* Work instruction: All of the data is to be restated word for word.

* Supplied data:
※ ※ ※

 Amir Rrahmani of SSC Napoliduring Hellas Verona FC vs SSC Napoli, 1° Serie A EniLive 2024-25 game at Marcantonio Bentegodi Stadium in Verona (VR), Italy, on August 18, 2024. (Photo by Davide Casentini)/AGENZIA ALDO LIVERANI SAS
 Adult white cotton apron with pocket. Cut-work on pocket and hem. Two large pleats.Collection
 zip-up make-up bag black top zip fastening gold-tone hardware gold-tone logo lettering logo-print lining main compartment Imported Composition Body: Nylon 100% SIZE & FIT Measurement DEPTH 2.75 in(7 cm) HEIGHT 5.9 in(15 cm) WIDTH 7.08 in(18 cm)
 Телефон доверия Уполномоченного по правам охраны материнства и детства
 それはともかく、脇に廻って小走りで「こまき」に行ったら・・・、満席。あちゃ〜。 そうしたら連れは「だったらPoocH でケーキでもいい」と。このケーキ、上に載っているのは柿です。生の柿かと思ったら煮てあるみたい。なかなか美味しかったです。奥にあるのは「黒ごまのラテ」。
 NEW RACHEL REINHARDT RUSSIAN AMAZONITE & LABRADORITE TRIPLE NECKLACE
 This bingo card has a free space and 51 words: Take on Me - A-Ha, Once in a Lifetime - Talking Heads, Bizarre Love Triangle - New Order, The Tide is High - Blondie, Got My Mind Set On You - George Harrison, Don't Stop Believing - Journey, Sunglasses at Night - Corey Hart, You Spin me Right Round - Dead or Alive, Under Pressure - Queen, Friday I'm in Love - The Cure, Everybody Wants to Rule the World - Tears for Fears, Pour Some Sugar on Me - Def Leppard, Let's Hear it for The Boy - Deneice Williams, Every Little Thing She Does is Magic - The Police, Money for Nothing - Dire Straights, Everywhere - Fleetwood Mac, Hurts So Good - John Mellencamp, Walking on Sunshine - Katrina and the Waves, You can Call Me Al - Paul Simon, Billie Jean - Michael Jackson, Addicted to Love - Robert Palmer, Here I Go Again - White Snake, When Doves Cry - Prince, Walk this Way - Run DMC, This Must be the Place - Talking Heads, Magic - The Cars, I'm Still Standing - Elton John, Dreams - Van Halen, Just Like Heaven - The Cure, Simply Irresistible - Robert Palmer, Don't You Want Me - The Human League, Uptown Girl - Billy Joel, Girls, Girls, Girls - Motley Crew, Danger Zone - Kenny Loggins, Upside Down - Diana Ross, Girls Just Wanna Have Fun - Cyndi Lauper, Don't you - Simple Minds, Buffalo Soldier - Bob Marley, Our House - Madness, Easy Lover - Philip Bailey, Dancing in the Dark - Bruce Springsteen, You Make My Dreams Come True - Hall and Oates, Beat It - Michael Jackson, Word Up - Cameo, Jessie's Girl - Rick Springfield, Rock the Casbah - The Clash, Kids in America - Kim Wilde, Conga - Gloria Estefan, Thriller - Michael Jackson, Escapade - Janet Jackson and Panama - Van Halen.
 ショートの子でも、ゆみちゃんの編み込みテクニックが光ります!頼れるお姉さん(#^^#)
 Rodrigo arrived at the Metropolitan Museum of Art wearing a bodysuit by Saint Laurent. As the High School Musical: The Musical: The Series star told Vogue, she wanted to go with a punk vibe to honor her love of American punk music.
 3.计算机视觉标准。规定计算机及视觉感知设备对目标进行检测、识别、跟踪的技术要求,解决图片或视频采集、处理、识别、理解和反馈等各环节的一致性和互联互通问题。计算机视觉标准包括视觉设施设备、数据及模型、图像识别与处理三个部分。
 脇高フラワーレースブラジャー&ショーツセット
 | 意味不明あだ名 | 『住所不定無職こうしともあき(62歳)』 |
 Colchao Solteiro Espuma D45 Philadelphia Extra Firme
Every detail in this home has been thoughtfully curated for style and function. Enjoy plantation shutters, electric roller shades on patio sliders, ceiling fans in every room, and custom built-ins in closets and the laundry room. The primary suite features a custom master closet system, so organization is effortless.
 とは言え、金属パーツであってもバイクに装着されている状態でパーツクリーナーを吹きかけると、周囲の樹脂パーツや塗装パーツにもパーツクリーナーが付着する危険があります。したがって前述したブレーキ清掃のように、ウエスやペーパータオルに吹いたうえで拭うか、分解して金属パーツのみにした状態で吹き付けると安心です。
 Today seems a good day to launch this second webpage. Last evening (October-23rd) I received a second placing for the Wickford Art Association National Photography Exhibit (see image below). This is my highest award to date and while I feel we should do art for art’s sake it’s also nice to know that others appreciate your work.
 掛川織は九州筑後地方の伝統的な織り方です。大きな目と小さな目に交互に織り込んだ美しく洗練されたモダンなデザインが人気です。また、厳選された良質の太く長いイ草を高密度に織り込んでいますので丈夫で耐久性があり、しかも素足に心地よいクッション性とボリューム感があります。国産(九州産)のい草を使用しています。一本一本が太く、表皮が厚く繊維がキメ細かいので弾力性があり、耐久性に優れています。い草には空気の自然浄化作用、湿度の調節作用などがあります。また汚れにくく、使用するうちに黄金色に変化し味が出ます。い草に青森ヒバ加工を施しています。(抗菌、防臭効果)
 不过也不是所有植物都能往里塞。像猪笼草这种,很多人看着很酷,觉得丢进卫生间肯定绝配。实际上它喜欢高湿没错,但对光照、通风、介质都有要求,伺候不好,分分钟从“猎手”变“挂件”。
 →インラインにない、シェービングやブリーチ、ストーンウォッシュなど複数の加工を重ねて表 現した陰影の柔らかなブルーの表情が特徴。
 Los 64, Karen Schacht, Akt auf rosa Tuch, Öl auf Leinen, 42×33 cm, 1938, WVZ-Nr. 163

※ ※ ※

* Response for this exercise:
 Amir Rrahmani of SSC Napoliduring Hellas Verona FC vs SSC Napoli, 1° Serie A EniLive 2024-25 game at Marcantonio Bentegodi Stadium in Verona (VR), Italy, on August 18, 2024. (Photo by Davide Casentini)/AGENZIA ALDO LIVERANI SAS
 Adult white cotton apron with pocket. Cut-work on pocket and hem. Two large pleats.Collection
 zip-up make-up bag black top zip fastening gold-tone hardware gold-tone logo lettering logo-print lining main compartment Imported Composition Body: Nylon 100% SIZE & FIT Measurement DEPTH 2.75 in(7 cm) HEIGHT 5.9 in(15 cm) WIDTH 7.08 in(18 cm)
 Телефон доверия Уполномоченного по правам охраны материнства и детства
 それはともかく、脇に廻って小走りで「こまき」に行ったら・・・、満席。あちゃ〜。 そうしたら連れは「だったらPoocH でケーキでもいい」と。このケーキ、上に載っているのは柿です。生の柿かと思ったら煮てあるみたい。なかなか美味しかったです。奥にあるのは「黒ごまのラテ」。
 NEW RACHEL REINHARDT RUSSIAN AMAZONITE & LABRADORITE TRIPLE NECKLACE
 This bingo card has a free space and 51 words: Take on Me - A-Ha, Once in a Lifetime - Talking Heads, Bizarre Love Triangle - New Order, The Tide is High - Blondie, Got My Mind Set On You - George Harrison, Don't Stop Believing - Journey, Sunglasses at Night - Corey Hart, You Spin me Right Round - Dead or Alive, Under Pressure - Queen, Friday I'm in Love - The Cure, Everybody Wants to Rule the World - Tears for Fears, Pour Some Sugar on Me - Def Leppard, Let's Hear it for The Boy - Deneice Williams, Every Little Thing She Does is Magic - The Police, Money for Nothing - Dire Straights, Everywhere - Fleetwood Mac, Hurts So Good - John Mellencamp, Walking on Sunshine - Katrina and the Waves, You can Call Me Al - Paul Simon, Billie Jean - Michael Jackson, Addicted to Love - Robert Palmer, Here I Go Again - White Snake, When Doves Cry - Prince, Walk this Way - Run DMC, This Must be the Place - Talking Heads, Magic - The Cars, I'm Still Standing - Elton John, Dreams - Van Halen, Just Like Heaven - The Cure, Simply Irresistible - Robert Palmer, Don't You Want Me - The Human League, Uptown Girl - Billy Joel, Girls, Girls, Girls - Motley Crew, Danger Zone - Kenny Loggins, Upside Down - Diana Ross, Girls Just Wanna Have Fun - Cyndi Lauper, Don't you - Simple Minds, Buffalo Soldier - Bob Marley, Our House - Madness, Easy Lover - Philip Bailey, Dancing in the Dark - Bruce Springsteen, You Make My Dreams Come True - Hall and Oates, Beat It - Michael Jackson, Word Up - Cameo, Jessie's Girl - Rick Springfield, Rock the Casbah - The Clash, Kids in America - Kim Wilde, Conga - Gloria Estefan, Thriller - Michael Jackson, Escapade - Janet Jackson and Panama - Van Halen.
 ショートの子でも、ゆみちゃんの編み込みテクニックが光ります!頼れるお姉さん(#^^#)
 Rodrigo arrived at the Metropolitan Museum of Art wearing a bodysuit by Saint Laurent. As the High School Musical: The Musical: The Series star told Vogue, she wanted to go with a punk vibe to honor her love of American punk music.
 3.计算机视觉标准。规定计算机及视觉感知设备对目标进行检测、识别、跟踪的技术要求,解决图片或视频采集、处理、识别、理解和反馈等各环节的一致性和互联互通问题。计算机视觉标准包括视觉设施设备、数据及模型、图像识别与处理三个部分。
 脇高フラワーレースブラジャー&ショーツセット
 | 意味不明あだ名 | 『住所不定無職こうしともあき(62歳)』 |
 Colchao Solteiro Espuma D45 Philadelphia Extra Firme
Every detail in this home has been thoughtfully curated for style and function. Enjoy plantation shutters, electric roller shades on patio sliders, ceiling fans in every room, and custom built-ins in closets and the laundry room. The primary suite features a custom master closet system, so organization is effortless.
 とは言え、金属パーツであってもバイクに装着されている状態でパーツクリーナーを吹きかけると、周囲の樹脂パーツや塗装パーツにもパーツクリーナーが付着する危険があります。したがって前述したブレーキ清掃のように、ウエスやペーパータオルに吹いたうえで拭うか、分解して金属パーツのみにした状態で吹き付けると安心です。
 Today seems a good day to launch this second webpage. Last evening (October-23rd) I received a second placing for the Wickford Art Association National Photography Exhibit (see image below). This is my highest award to date and while I feel we should do art for art’s sake it’s also nice to know that others appreciate your work.
 掛川織は九州筑後地方の伝統的な織り方です。大きな目と小さな目に交互に織り込んだ美しく洗練されたモダンなデザインが人気です。また、厳選された良質の太く長いイ草を高密度に織り込んでいますので丈夫で耐久性があり、しかも素足に心地よいクッション性とボリューム感があります。国産(九州産)のい草を使用しています。一本一本が太く、表皮が厚く繊維がキメ細かいので弾力性があり、耐久性に優れています。い草には空気の自然浄化作用、湿度の調節作用などがあります。また汚れにくく、使用するうちに黄金色に変化し味が出ます。い草に青森ヒバ加工を施しています。(抗菌、防臭効果)
 不过也不是所有植物都能往里塞。像猪笼草这种,很多人看着很酷,觉得丢进卫生间肯定绝配。实际上它喜欢高湿没错,但对光照、通风、介质都有要求,伺候不好,分分钟从“猎手”变“挂件”。
 →インラインにない、シェービングやブリーチ、ストーンウォッシュなど複数の加工を重ねて表 現した陰影の柔らかなブルーの表情が特徴。
 Los 64, Karen Schacht, Akt auf rosa Tuch, Öl auf Leinen, 42×33 cm, 1938, WVZ-Nr. 163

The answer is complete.